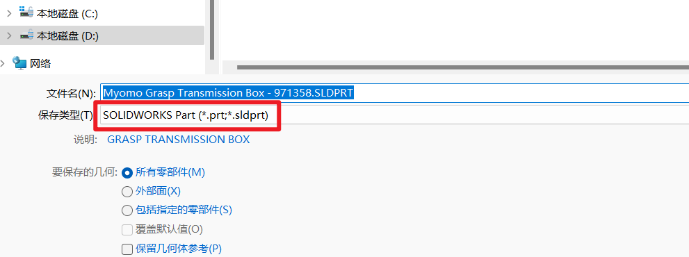 将装配体另存为 sldprt 格式(零件格式),下面有几种保存方式:
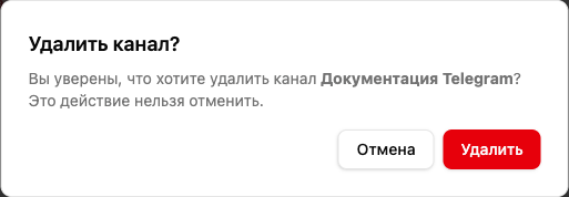 При удалении система запросит подтверждение. Удалённый канал нельзя восстановить, но подписка освободится для нового бота.
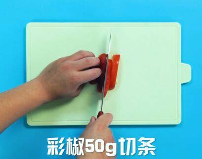 用料:茄子250克、彩椒50克、葱末5克、蒜末3克、食用油8毫升、生抽3克、盐2克、糖3克。
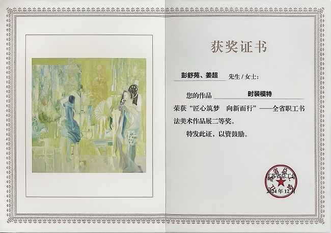 近日,美术学院姜超老师的作品《时装模特》在江苏省总工会举办的“匠心筑梦向‘新’而行”——江苏省职工书法美术作品展中荣获二等奖。
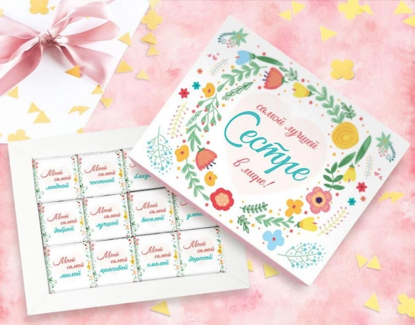 - Сестре парня обычно дарят что-то нейтральное и недорогое, например, шоколадный набор, корзинку с фруктами или новогодний сувенир. Если вы с ней очень близки, можно преподнести красивый кулон.
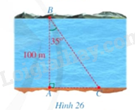 Hình 26 minh hoạ một phần con sông có bề rộng \(AB = 100m\).Một chiếc thuyền đi thẳng từ vị trí \(B\) bên này bờ sông đến vị trí \(C\) bên kia bờ sông. Tính quãng đường \(BC\) (làm tròn kết quả đến hàng phần mười của mét), biết \(\widehat {ABC} = 35^\circ \).
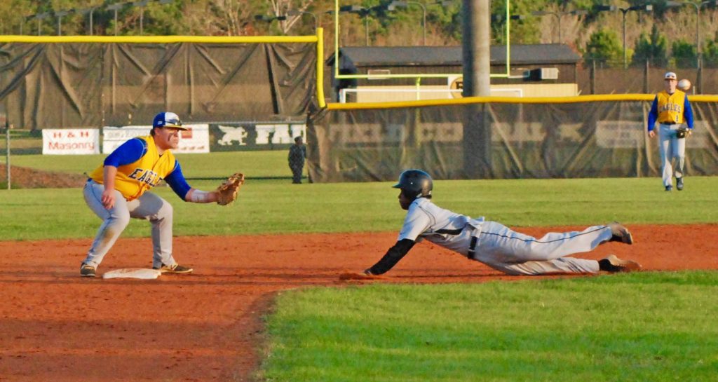 WINNSBORO – Griffin base-runner Chazi Jones looks to dodge the tag from Cameron Bass. Richard Winn put a decisive 13-1 throttling over their cross-town rivals.
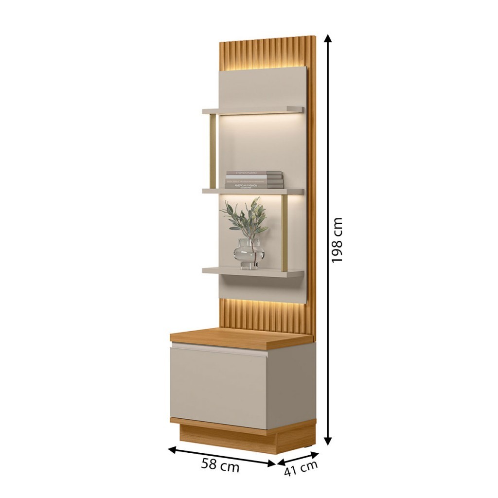 Dimensões: - Altura: 198,00 cm - Largura: 58,00 cm - Profundidade: 41,00 cm - Peso: 31,950 kg Descrição: O(a) Estante para Livros Ouro Preto 1 Porta 3 Prateleiras Ripado Tauari/Off White Fosco - Linea Brasil é produzido em MDF e MDP na escala de brilho Fosco, e possui um grau de dificuldade de montagem: Médio. Seu revestimento/acabamento é: Finish Foil e Pintura UV. Infelizmente a Loja não oferece serviço de montagem, deixamos essa informação bem clara em todas as nossas páginas de produto. Onde especificamos que os móveis chegarão desmontados, e que a montagem fica por conta do cliente. Como não oferecemos esse serviço não embutimos o mesmo no preço dos produtos, ou seja, maior economia para você! Todos os nossos móveis também acompanham o manual de montagem, e caso você queira, pode realizar a montagem você mesmo, sempre especificamos os graus de montagem dos produtos. Nos casos de grau baixo e médio, com pouco ou nenhum conhecimento, você mesmo pode efetuar a montagem, e fazer essa economia. Apenas nos graus de montagem alto, recomendamos a contratação de um montador com experiência, visto que são montagens mais complicadas. A montagem é feita com Parafusos, cavilhas e Minifix.. Este móvel é indicado para que seja utilizado no(a) Sala de Estar e Escritório, dando um toque especial no cômodo de sua casa. Para que você mantenha seu produto sempre em ótimo estado, recomendamos que use apenas um pano seco ou levemente umedecido, sem o uso de quaisquer produtos abrasivos. A Loja garante aos clientes, 90 dias de garantia nos produtos, porém, recomendamos que entre em contato com o fornecedor/marca do produto, pois o mesmo(a), pode garantir um prazo maior de garantia. Lembrando ainda que: quaisquer objetos decorativos que aparecem nas imagens, não acompanham o produto. Características: - Espessura da Estrutura: 37mm, 25mm - Possui Gavetas?: Não - Possui Portas?: Sim - Quantidade de Portas: 1 - Material da Porta: MDP - Espessura da Porta: 15 mm - Tipo de Porta: Portas de Bater - Material das Dobradiças: Metálica - Possui Vidro?: Não - Possui Espelho?: Não - Possui Prateleiras?: Sim - Quantidade de Prateleiras: 3 - Peso Suportado nas Prateleiras:: 3 Kg - Possui Puxadores?: Sim - Material do Puxador: Alumínio - Possui Ripamento?: Sim - Tipo de Ripado: Produzido com Ripas de Madeira, Formando Alto Relevo - Linha ou Coleção: São Paulo - Montagem Invertida?: Não Pode ser Montado Invertido - É frágil?: Não - Possui Nicho?: Não - Material da Estrutura: MDF e MDP - Escala de Brilho: Fosco - Possui Rodízios?: Não - Possui Pés?: Não - Possui Vidro: Não - Tamanho Unico Grande Pequeno: Único - Acompanha: Estante para Livros + Kit Ferragens + Manual de Montagem - Acompanha Manual de Montagem: Sim - Como os Móveis Chegarão na Minha Casa: Desmontado em caixas, acompanhado de todas as peças, ferragens e manuais para montagem. - Grau de Dificuldade da Montagem: Médio - Necessita de Montagem: Sim - Sistema de Montagem: Parafusos, cavilhas e Minifix. - Garantia (dias): 90 - Indicação de Uso: Sala de Estar e Escritório - Observação: Objetos decorativos que aparecem nas imagens, não acompanham o produto. - Recomendação de Manutenção: Utilizar pano levemente umedecido, seguido de pano seco. Não utilizar quaisquer produtos abrasivos. - Revestimento /Acabamento: Finish Foil e Pintura UV
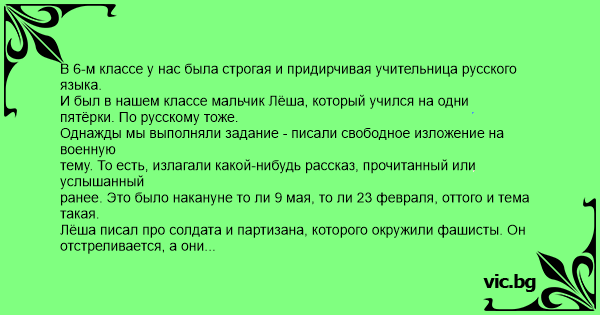 Однажды мы выполняли задание - писали свободное изложение на военную
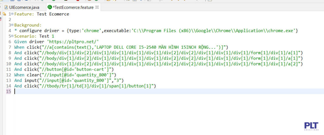 Tiếp theo mình tiến hành tạo Background thiết lập môi trường Test cho file TestEcomerce.feature.
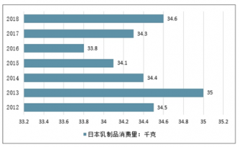 2016-2018年日本人均乳制品消費量對比情況
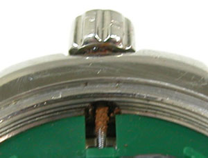 おや?ここまで錆びたら時間を合わせで竜頭を回せば、粉が落ちるでしょう。これ普通に店頭への持込ならスルーして電池交換してお渡しになるでしょう。
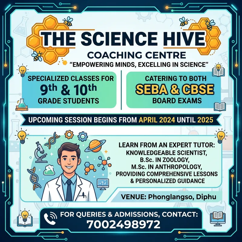 Design a poster for a science coaching centre named 'The Science Hive', offering specialized classes for 9th and 10th-grade students. The courses cater to both SEBA and CBSE board exams, and the upcoming session begins from April 2024 and lasts until 2025. The tutor, a knowledgeable scientist with a B.Sc. in Zoology and an M.Sc. in Anthropology, will provide comprehensive lessons. The sessions will be held at a location in Phonglangso, Diphu. The contact number for queries or additional information is 7002498972.
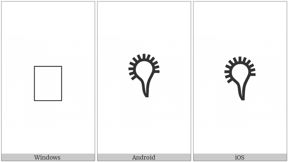The image below shows how the “Bamum Letter Phase-A Teuaen” symbol might look like on different operating systems. If the font in which this web site is displayed does not contain the symbol and there is no fallback font able to render it, you can use the image below to get an idea of what it should look like.
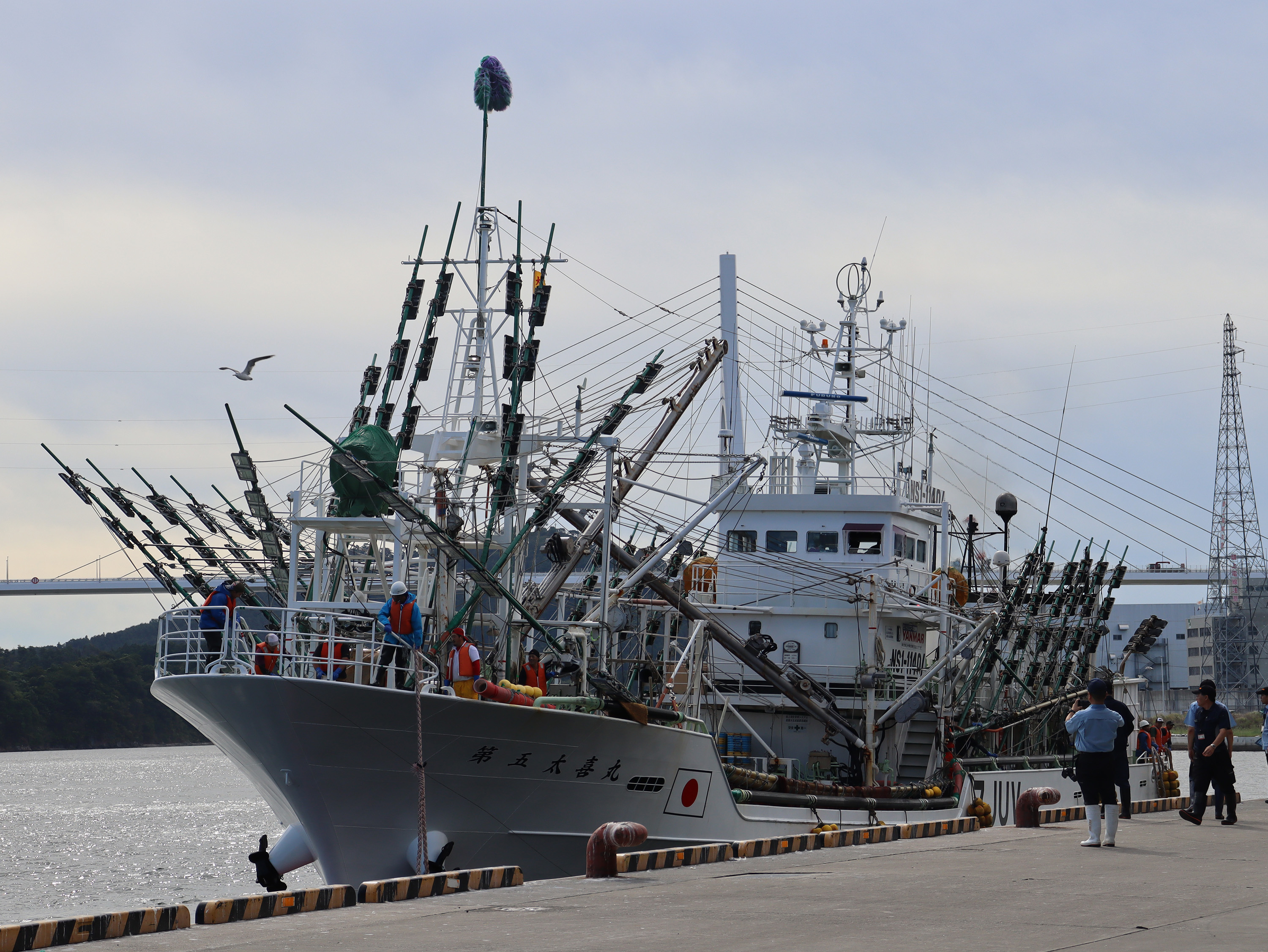 早朝、初水揚げを祝うセレモニーが開催され、気仙沼市長をはじめ漁業関係者や加工業者など、多くの関係者が気仙沼港に集いました。
━━━
◆ EXERCISE DETAILS: What is needed is an exact copy of the lines from the start of the records through the line containing "WINNSBORO – Griffin", with no pictures.

◆ ANSWER TO THIS EXERCISE:
 将装配体另存为 sldprt 格式(零件格式),下面有几种保存方式:
 При удалении система запросит подтверждение. Удалённый канал нельзя восстановить, но подписка освободится для нового бота.
 用料:茄子250克、彩椒50克、葱末5克、蒜末3克、食用油8毫升、生抽3克、盐2克、糖3克。
 近日,美术学院姜超老师的作品《时装模特》在江苏省总工会举办的“匠心筑梦向‘新’而行”——江苏省职工书法美术作品展中荣获二等奖。
 - Сестре парня обычно дарят что-то нейтральное и недорогое, например, шоколадный набор, корзинку с фруктами или новогодний сувенир. Если вы с ней очень близки, можно преподнести красивый кулон.
 Hình 26 minh hoạ một phần con sông có bề rộng \(AB = 100m\).Một chiếc thuyền đi thẳng từ vị trí \(B\) bên này bờ sông đến vị trí \(C\) bên kia bờ sông. Tính quãng đường \(BC\) (làm tròn kết quả đến hàng phần mười của mét), biết \(\widehat {ABC} = 35^\circ \).
 WINNSBORO – Griffin base-runner Chazi Jones looks to dodge the tag from Cameron Bass. Richard Winn put a decisive 13-1 throttling over their cross-town rivals.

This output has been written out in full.